Extracted records:
◆ ◆ ◆

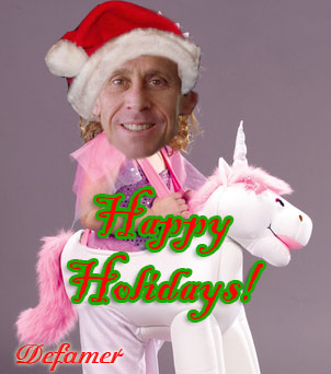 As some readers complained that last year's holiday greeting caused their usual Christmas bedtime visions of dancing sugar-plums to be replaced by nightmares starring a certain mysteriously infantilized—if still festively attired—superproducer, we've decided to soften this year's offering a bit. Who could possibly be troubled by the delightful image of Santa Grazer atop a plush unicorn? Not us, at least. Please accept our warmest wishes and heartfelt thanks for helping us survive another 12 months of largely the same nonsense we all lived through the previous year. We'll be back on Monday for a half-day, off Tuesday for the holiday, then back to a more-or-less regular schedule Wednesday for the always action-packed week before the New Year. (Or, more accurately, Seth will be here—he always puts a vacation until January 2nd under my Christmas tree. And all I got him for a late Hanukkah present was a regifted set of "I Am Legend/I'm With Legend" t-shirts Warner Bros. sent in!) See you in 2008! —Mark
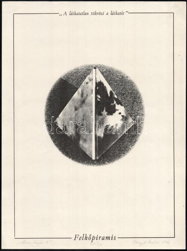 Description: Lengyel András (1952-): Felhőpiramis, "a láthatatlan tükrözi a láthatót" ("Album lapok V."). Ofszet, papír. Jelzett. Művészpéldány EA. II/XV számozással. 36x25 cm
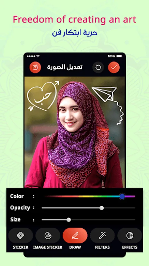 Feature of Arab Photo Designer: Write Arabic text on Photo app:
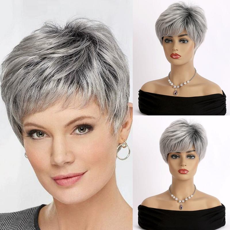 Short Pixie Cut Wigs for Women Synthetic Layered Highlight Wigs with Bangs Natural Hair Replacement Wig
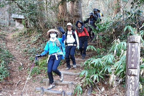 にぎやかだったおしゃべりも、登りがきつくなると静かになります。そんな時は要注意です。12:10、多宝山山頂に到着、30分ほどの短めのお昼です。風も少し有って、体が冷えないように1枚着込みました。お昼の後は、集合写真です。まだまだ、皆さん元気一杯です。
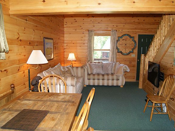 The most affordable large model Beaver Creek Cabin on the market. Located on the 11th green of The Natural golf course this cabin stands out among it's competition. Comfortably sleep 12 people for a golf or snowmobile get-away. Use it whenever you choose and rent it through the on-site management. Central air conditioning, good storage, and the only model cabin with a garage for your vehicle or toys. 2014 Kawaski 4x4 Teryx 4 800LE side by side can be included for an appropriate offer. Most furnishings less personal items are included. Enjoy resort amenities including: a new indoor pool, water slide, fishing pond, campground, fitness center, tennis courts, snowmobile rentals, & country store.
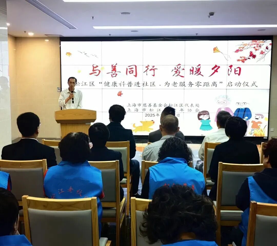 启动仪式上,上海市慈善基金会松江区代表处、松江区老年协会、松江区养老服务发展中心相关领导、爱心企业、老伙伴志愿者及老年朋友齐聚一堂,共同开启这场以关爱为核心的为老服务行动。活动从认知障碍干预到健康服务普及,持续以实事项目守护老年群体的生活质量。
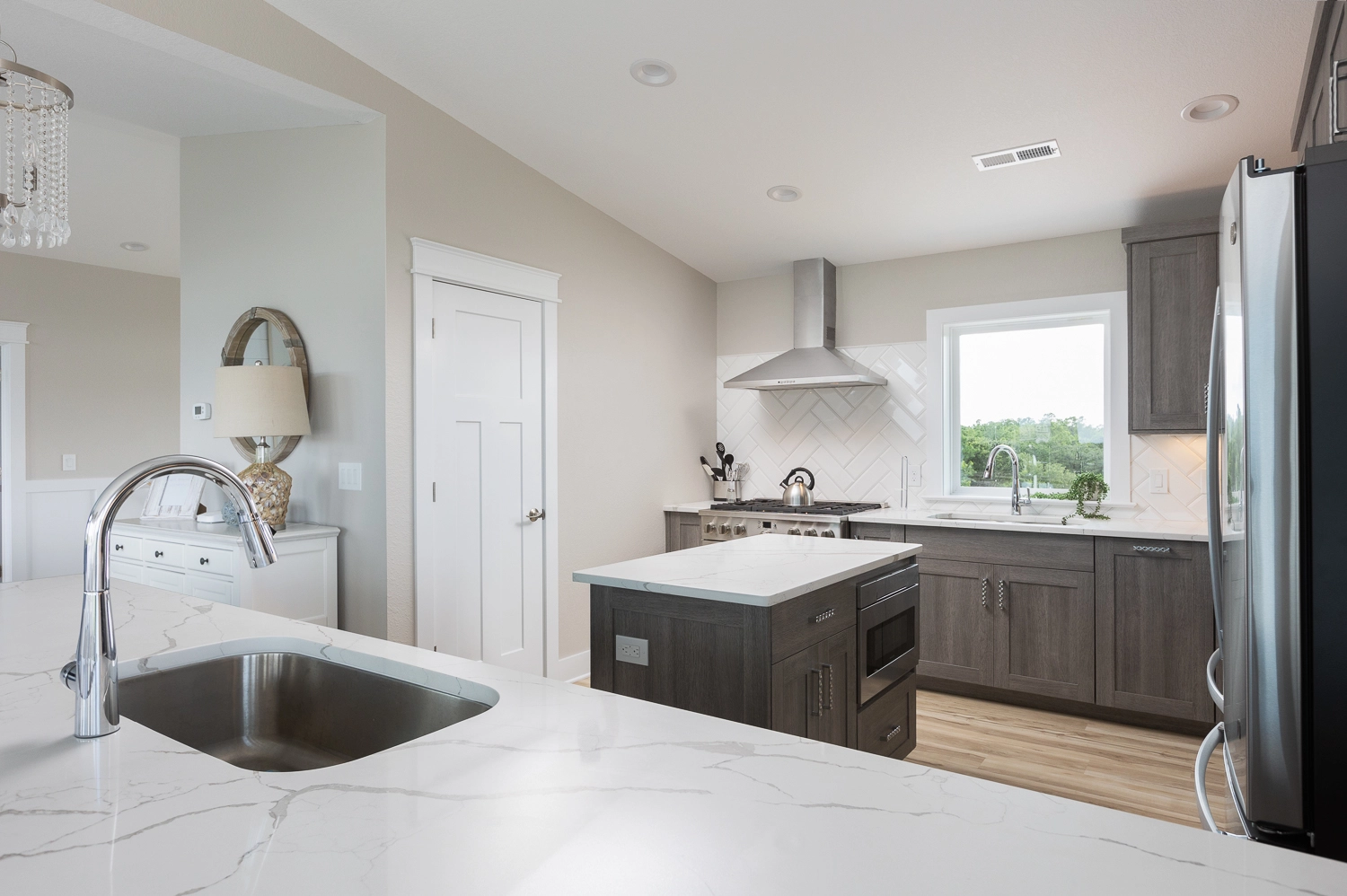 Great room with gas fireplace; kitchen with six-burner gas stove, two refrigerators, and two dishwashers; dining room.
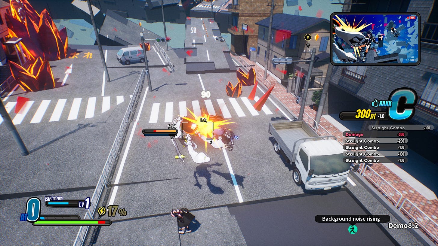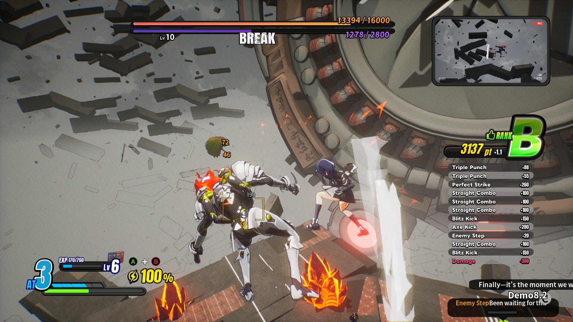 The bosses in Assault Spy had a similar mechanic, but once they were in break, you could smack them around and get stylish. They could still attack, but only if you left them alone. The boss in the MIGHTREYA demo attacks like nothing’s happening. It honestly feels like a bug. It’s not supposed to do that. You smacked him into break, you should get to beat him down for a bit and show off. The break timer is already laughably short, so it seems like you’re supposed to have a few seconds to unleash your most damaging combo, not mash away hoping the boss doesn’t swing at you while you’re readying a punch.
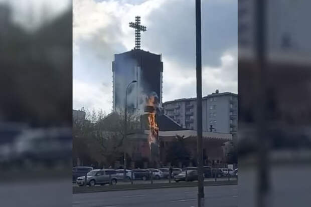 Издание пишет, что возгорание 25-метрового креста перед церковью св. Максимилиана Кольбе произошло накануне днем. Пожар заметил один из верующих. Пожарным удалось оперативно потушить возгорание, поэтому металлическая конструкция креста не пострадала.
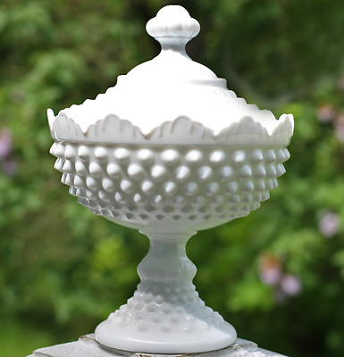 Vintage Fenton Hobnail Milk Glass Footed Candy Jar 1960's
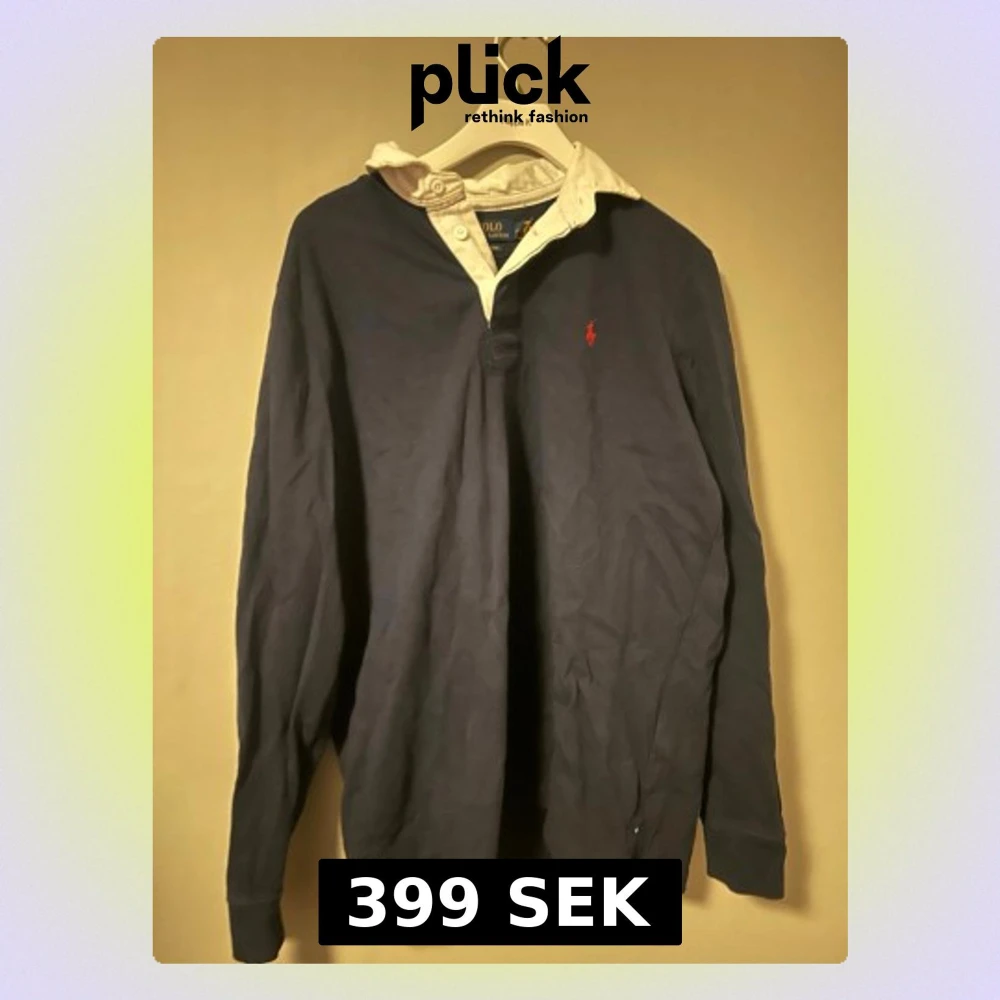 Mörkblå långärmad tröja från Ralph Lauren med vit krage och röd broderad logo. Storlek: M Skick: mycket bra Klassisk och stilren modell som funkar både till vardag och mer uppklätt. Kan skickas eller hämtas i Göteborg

◆ ◆ ◆

(WHAT THE TASK REQUIRES) Copy the lines above between the one holding "Description: Lengyel András" and the one holding "Great room with", inclusive. Drop the pictures.

(RESULT)
 Description: Lengyel András (1952-): Felhőpiramis, "a láthatatlan tükrözi a láthatót" ("Album lapok V."). Ofszet, papír. Jelzett. Művészpéldány EA. II/XV számozással. 36x25 cm
 Feature of Arab Photo Designer: Write Arabic text on Photo app:
 Short Pixie Cut Wigs for Women Synthetic Layered Highlight Wigs with Bangs Natural Hair Replacement Wig
 にぎやかだったおしゃべりも、登りがきつくなると静かになります。そんな時は要注意です。12:10、多宝山山頂に到着、30分ほどの短めのお昼です。風も少し有って、体が冷えないように1枚着込みました。お昼の後は、集合写真です。まだまだ、皆さん元気一杯です。
 The most affordable large model Beaver Creek Cabin on the market. Located on the 11th green of The Natural golf course this cabin stands out among it's competition. Comfortably sleep 12 people for a golf or snowmobile get-away. Use it whenever you choose and rent it through the on-site management. Central air conditioning, good storage, and the only model cabin with a garage for your vehicle or toys. 2014 Kawaski 4x4 Teryx 4 800LE side by side can be included for an appropriate offer. Most furnishings less personal items are included. Enjoy resort amenities including: a new indoor pool, water slide, fishing pond, campground, fitness center, tennis courts, snowmobile rentals, & country store.
 启动仪式上,上海市慈善基金会松江区代表处、松江区老年协会、松江区养老服务发展中心相关领导、爱心企业、老伙伴志愿者及老年朋友齐聚一堂,共同开启这场以关爱为核心的为老服务行动。活动从认知障碍干预到健康服务普及,持续以实事项目守护老年群体的生活质量。
 Great room with gas fireplace; kitchen with six-burner gas stove, two refrigerators, and two dishwashers; dining room.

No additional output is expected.